• [SOURCE MATERIAL]:
*** Block opens ***
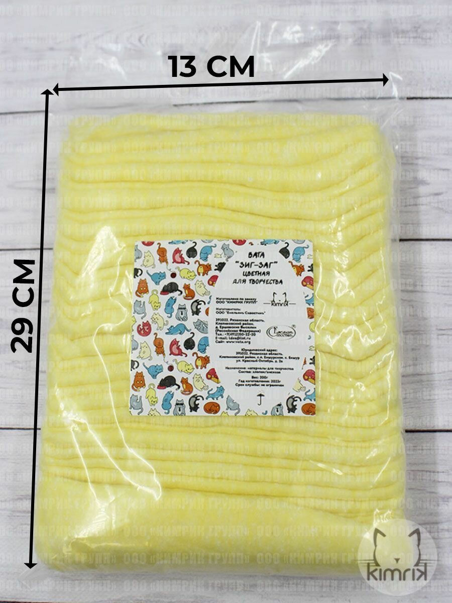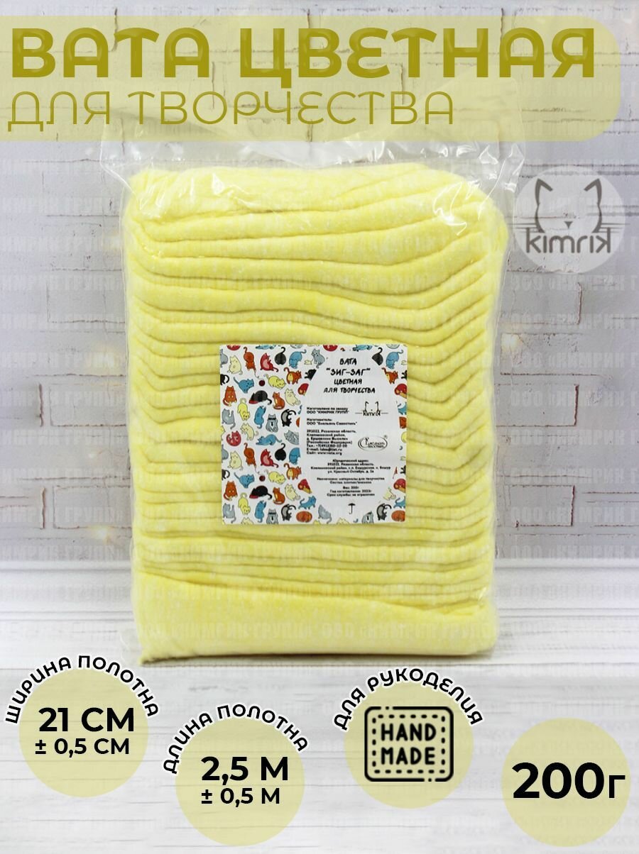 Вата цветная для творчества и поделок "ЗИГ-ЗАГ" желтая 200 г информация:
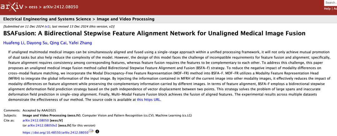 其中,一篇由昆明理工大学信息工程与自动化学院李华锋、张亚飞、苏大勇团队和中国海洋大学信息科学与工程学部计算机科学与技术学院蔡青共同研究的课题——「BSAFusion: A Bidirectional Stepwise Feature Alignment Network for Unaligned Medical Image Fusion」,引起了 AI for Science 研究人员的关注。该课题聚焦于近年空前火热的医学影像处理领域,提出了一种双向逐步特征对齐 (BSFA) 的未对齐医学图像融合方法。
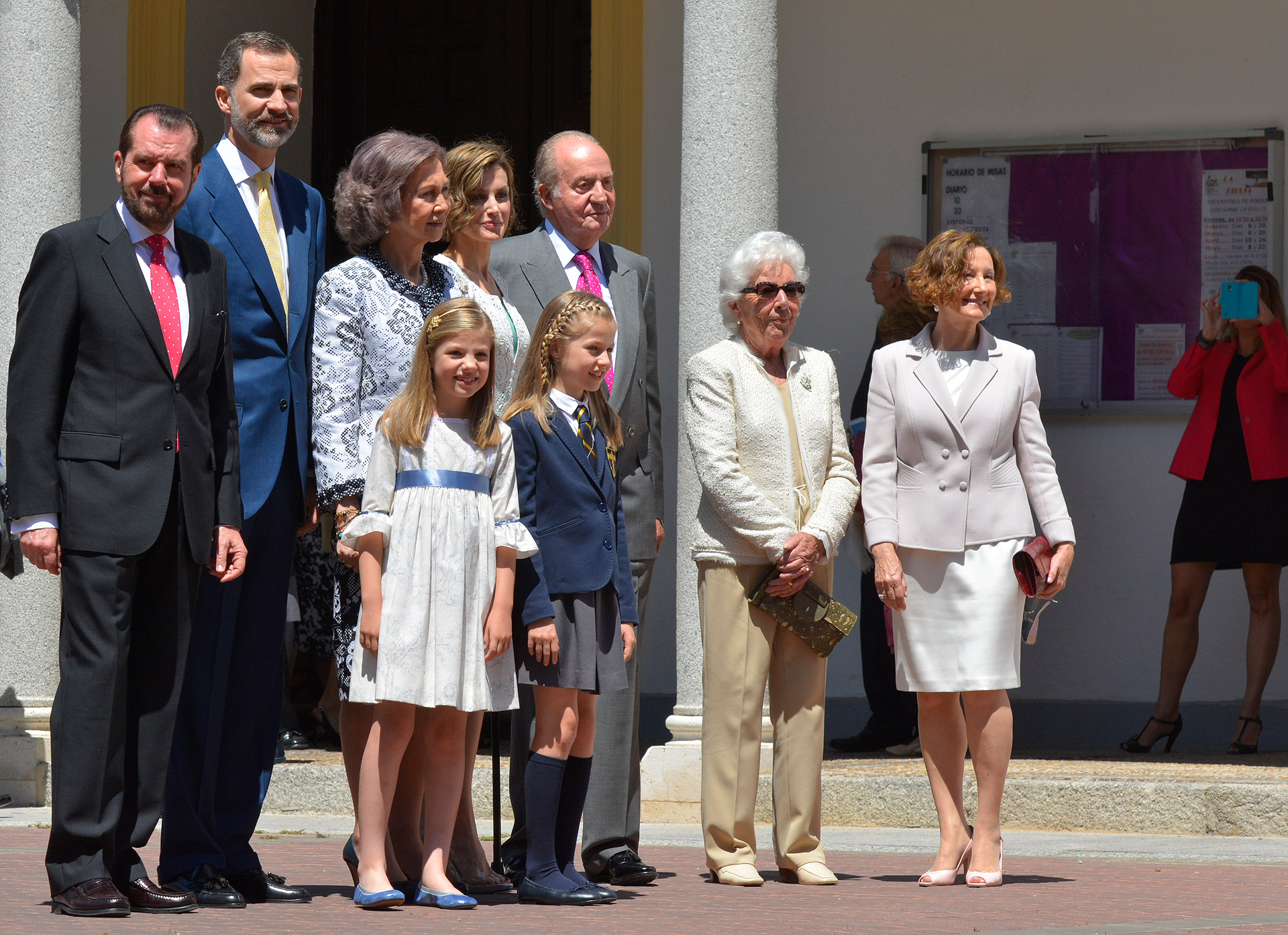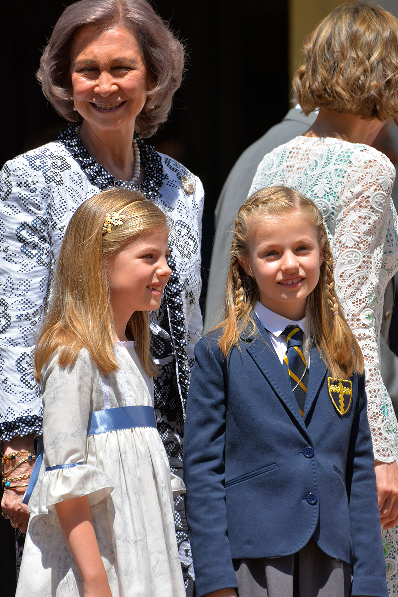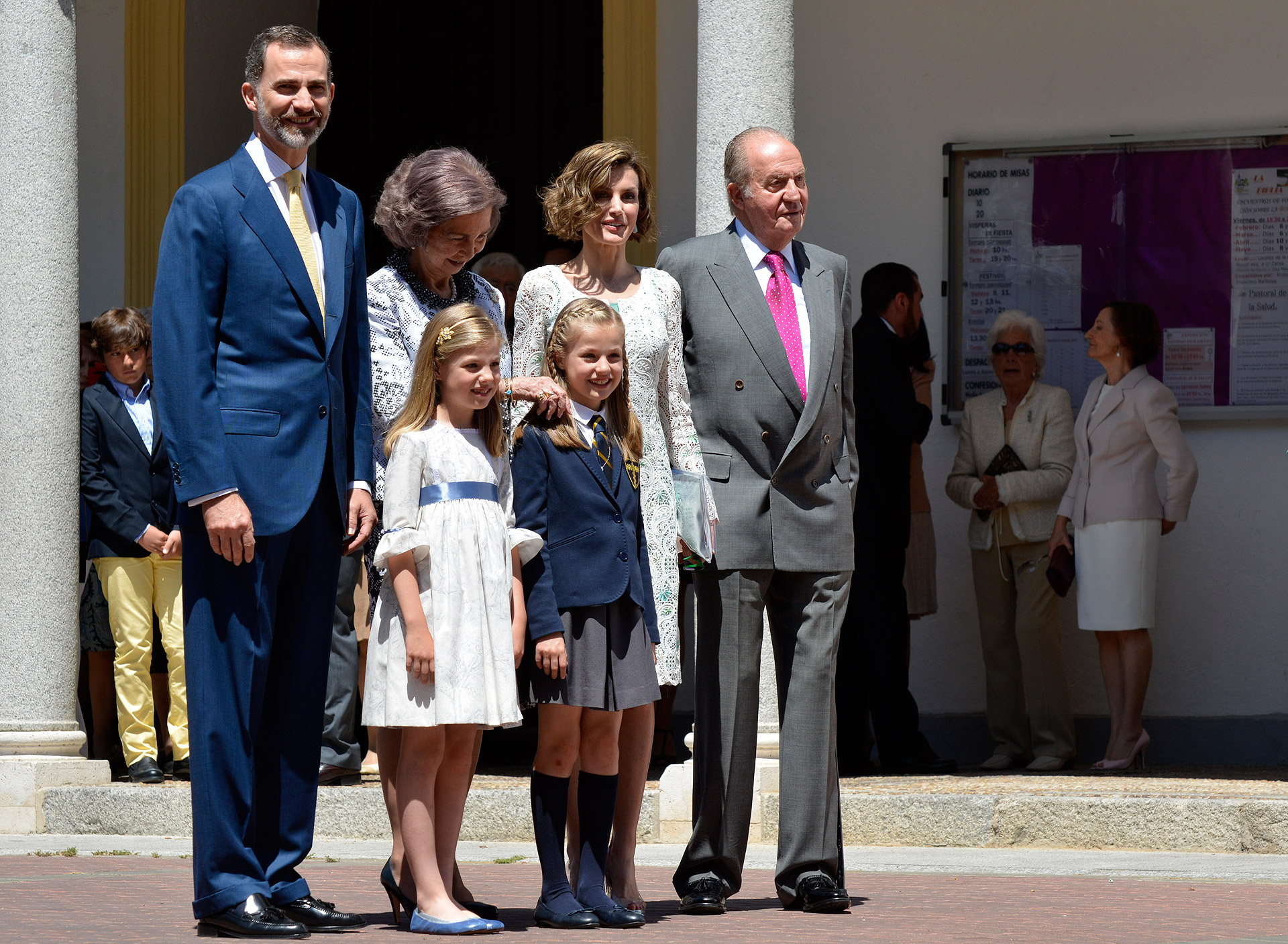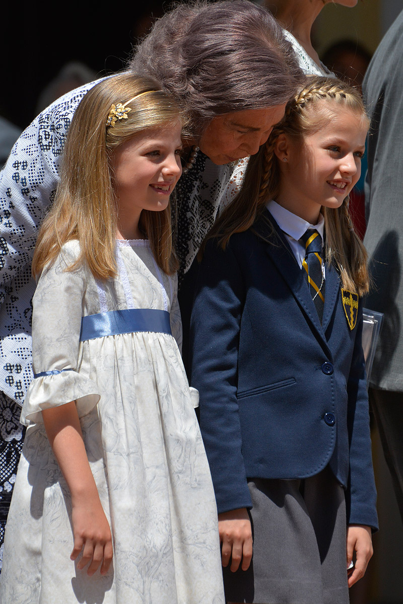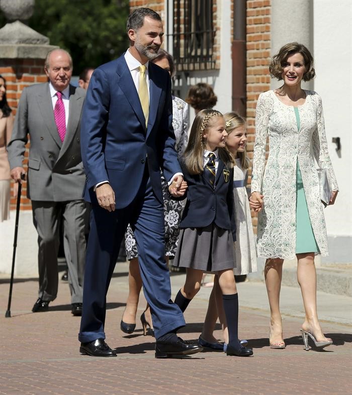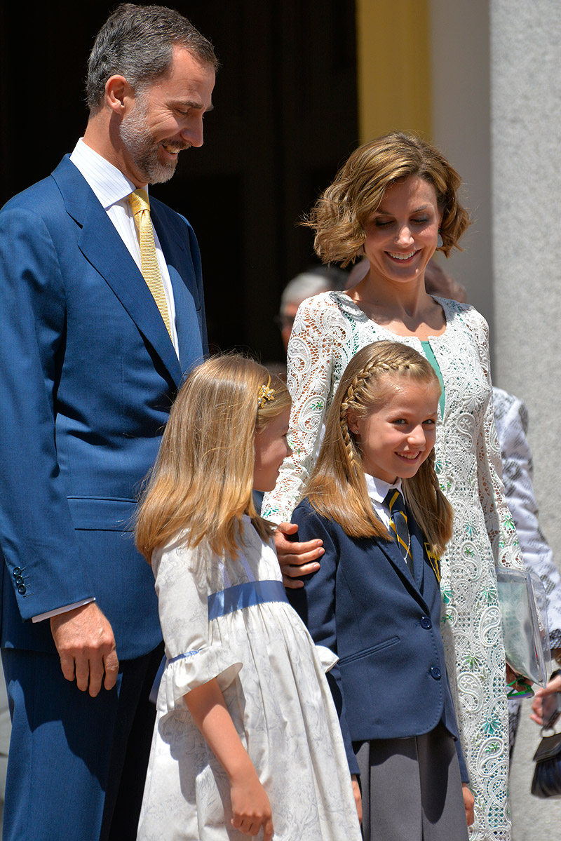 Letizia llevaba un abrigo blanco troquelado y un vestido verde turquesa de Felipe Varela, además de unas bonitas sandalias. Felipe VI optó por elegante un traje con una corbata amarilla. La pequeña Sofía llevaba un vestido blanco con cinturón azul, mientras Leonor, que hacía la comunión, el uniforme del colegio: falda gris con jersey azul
*** Block closes ***
• [TASK PROMPT]: Set the material above down again word for word. Include none of its pictures.

• [SOLUTION TO THE EXERCISE]:
 Вата цветная для творчества и поделок "ЗИГ-ЗАГ" желтая 200 г информация:
 其中,一篇由昆明理工大学信息工程与自动化学院李华锋、张亚飞、苏大勇团队和中国海洋大学信息科学与工程学部计算机科学与技术学院蔡青共同研究的课题——「BSAFusion: A Bidirectional Stepwise Feature Alignment Network for Unaligned Medical Image Fusion」,引起了 AI for Science 研究人员的关注。该课题聚焦于近年空前火热的医学影像处理领域,提出了一种双向逐步特征对齐 (BSFA) 的未对齐医学图像融合方法。
 Letizia llevaba un abrigo blanco troquelado y un vestido verde turquesa de Felipe Varela, además de unas bonitas sandalias. Felipe VI optó por elegante un traje con una corbata amarilla. La pequeña Sofía llevaba un vestido blanco con cinturón azul, mientras Leonor, que hacía la comunión, el uniforme del colegio: falda gris con jersey azul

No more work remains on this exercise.